IVF for PCOS: what you need to know?

Every woman who is diagnosed with PCOS and decides to undergo IVF should know that the in vitro fertilization procedure has its own difficulties and features. The menstrual cycle must be completely restored, otherwise there is no point in IVF. There will be no positive results even in the initial stages.

Also, the patient must have a normal weight, and this is very rare with PCOS, since this disease provokes metabolic disorders that lead to obesity. Therefore, a woman must go on a special diet that will allow her to bring her weight back to normal.

It has been proven that those women who managed to reduce their body weight by 7% or more are more likely to achieve positive results from IVF than those who were not able to do this.

IVF for polycystic ovary syndrome: reviews

A large contingent of women with a variety of gynecological and extragenital pathologies turn to reproductive doctors. Polycystic ovary syndrome is no exception.

In most cases, the in vitro fertilization protocol in women with signs of polycystic disease takes place without any complications.

Women who leave reviews of IVF for PCOS, in 70% of cases, say that they have not experienced any complications or side effects from using the in vitro fertilization protocol. However, there are statistical observations that in the majority of women who left reviews, ovulation was stimulated with small doses of gonadotropins or antagonists. It has already been noted that the use of these drugs is more effective and safe in patients with this diagnosis. About 20% of women who underwent IVF with PCOS left reviews about a slight deterioration in their general condition, minor nagging pain in the lower abdomen, and a feeling of discomfort. However, over time, such symptoms of mild malaise were eliminated and the general condition returned to normal.

But in about 10% of reviews you can find fairly clear descriptions of the symptoms, which represent the clinical picture of ovarian hyperstimulation syndrome. Women describe their complaints of fairly severe pain in the lower abdomen, a feeling of nausea, vomiting; in 3% of these women, there was an accumulation of fluid in the abdominal cavity - ascites. The women have experienced a rather unpleasant state and just the thought of repeating such stimulation brings significant psychological discomfort. It is precisely in order to avoid repeated stimulation procedures that women with polycystic ovary syndrome use embryo cryopreservation. Women note that they tolerate the IVF procedure well without stimulation, especially since, in the absence of contraindications, it can be carried out in a natural cycle, which also reduces the amount of medications received.

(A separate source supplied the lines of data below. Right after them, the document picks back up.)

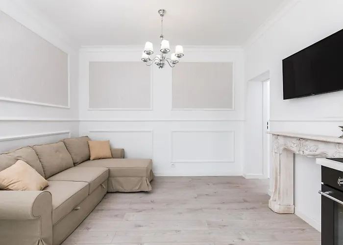 Glamour Apartment Mila With Balcony In Warsaw By Noclegi Renters oferuje aneks kuchenny oraz jadalnię i jadalnię na świeżym powietrzu, gdzie można delektować się posiłkami. Stacja metra Ratusz Arsenał znajduje się w odległości 950 metrów od obiektu i zapewnia dostęp do popularnych dzielnic Warszawy.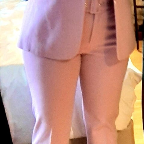Uudenveroinen Espritin jakkupuku. Jakku kokoa 38, housut ja puolihame 42. Housut käyttämättämät, niissä hintalaput vielä kiinni. Hameessa ja housuissa vyötäisillä metallisoljet. Hameessa vuori. Polyesteri-viskoosi-elastaania. Uutena ostettu, työpaikan tilaisuudessa kerran pidetty. Valitettavasti itselle nafti.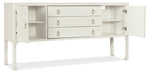 Create a comfortable and inviting retreat within your home with the Cove Shore Server, a piece that will help you extend hospitality with ease and grace. Crafted of wood and raffia, it is offered in the white lacquered grasscloth Sand Dollar finish with light champagne decorative pulls and chow legs giving a designer touch. There are 2 soft-close doors and one adjustable shelf behind each door. Three drawers with soft-close drawer guides. The top drawer has a removable black felt liner and removable black silverware tray.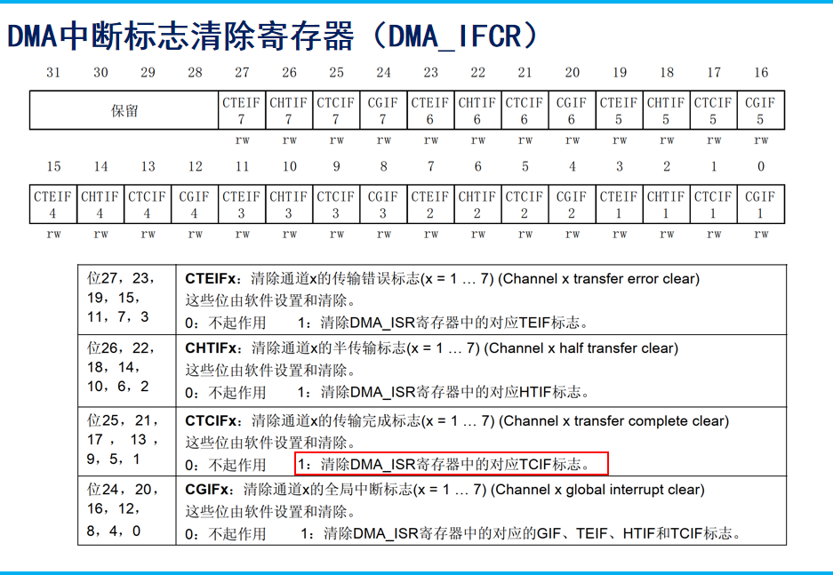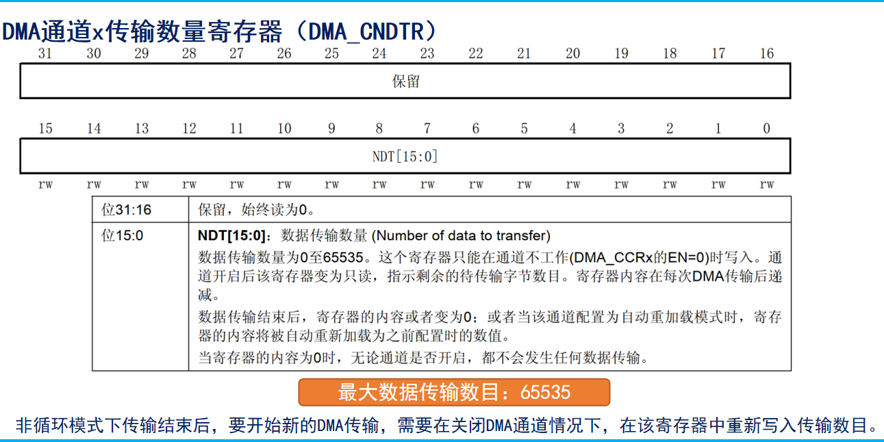 | __HAL_DMA_DISABLE(...) | DMA_CCR(EN) | 失能DMA外设 |

Only a qualified fertility specialist chooses the necessary IVF protocols for PCOS, the reviews of which receive very positive reviews. If you have a diagnosis of polycystic ovaries, it is very important to consult a doctor, undergo an examination and carry out a protocol in accordance with all rules and recommendations.

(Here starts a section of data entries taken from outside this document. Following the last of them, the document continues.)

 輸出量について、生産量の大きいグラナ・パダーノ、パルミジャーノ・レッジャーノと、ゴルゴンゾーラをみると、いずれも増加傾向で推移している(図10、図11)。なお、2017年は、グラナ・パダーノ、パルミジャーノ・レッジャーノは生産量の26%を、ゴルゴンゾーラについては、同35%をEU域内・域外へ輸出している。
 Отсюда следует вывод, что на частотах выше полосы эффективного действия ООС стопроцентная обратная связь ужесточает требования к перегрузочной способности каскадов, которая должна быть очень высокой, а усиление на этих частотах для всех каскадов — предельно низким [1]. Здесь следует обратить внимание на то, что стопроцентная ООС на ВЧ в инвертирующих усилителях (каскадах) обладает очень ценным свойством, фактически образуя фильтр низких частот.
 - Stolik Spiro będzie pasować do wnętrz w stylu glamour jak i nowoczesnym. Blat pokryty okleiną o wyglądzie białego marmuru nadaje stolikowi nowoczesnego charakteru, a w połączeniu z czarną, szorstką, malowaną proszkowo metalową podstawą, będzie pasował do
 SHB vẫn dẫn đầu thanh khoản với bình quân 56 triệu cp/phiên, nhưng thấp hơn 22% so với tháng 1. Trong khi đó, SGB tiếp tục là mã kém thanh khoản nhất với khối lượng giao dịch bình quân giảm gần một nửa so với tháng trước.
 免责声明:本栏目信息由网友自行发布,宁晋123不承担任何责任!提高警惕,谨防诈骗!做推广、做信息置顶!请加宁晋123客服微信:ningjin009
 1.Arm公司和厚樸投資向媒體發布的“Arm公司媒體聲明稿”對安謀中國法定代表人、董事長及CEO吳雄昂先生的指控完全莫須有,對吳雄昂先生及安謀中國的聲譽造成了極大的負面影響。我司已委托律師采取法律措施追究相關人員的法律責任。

Causes of polycystic ovary syndrome

Prolactin influences the normal functioning of the ovaries. Prolactin is a hormone that is responsible for lactation. During constant stress, its level increases, which can lead to disruption of the ovaries.

The note

If you do not go to the hospital in time, infertility may develop in the future.

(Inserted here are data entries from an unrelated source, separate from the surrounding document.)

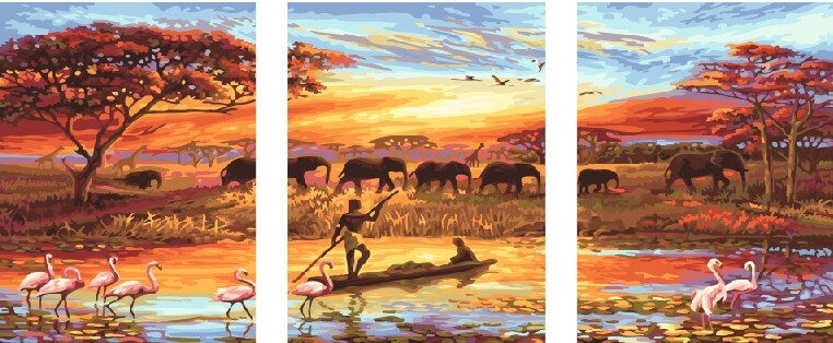 Набор для рисования картины по номерам Триптих Закат над Нилом, арт. BK-PX5166, Триптих 50х120см. ***НАЛИЧИЕ УТОЧНЯЙТЕ***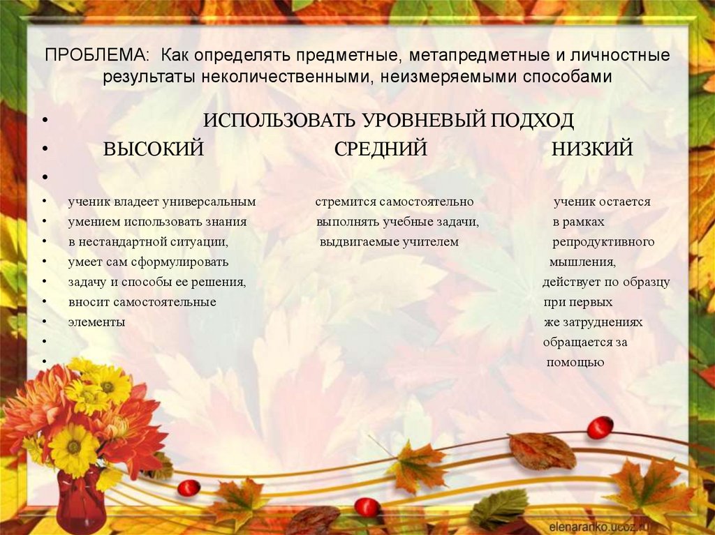 ПРОБЛЕМА: Как определять предметные, метапредметные и личностныерезультаты неколичественными, неизмеряемыми способами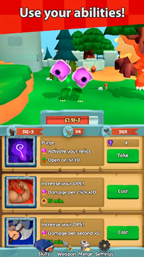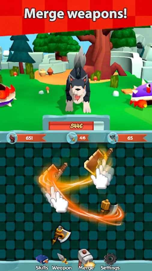 Merge and craft a vast array of weapons, from mighty swords to devastating axes, using the unique and intricate merging system. Combine similar weapons to unlock more powerful and legendary ones. Master the art of weapon fusion to create the ultimate arsenal to defend your kingdom.

Doctors still cannot determine the cause of this disease. Pathology may begin to develop due to a malfunction in the hypothalamus-pituitary-adrenal-ovarian system. The cause may be a malfunction of the thyroid gland.

Difference between ovaries in polycystic and normal ovaries

The main factors that contribute to the development of pathology:

  • Endocrine disorders or inflammatory processes in the genital organs;
  • Living in environmentally polluted parts of the city;
  • Diseases of the pancreas and thyroid gland;
  • Regular sex life;
  • Too frequent abortions;
  • The presence of chronic infections in the body;
  • Stresses;
  • Overweight;
  • The disease is transmitted at the gene level.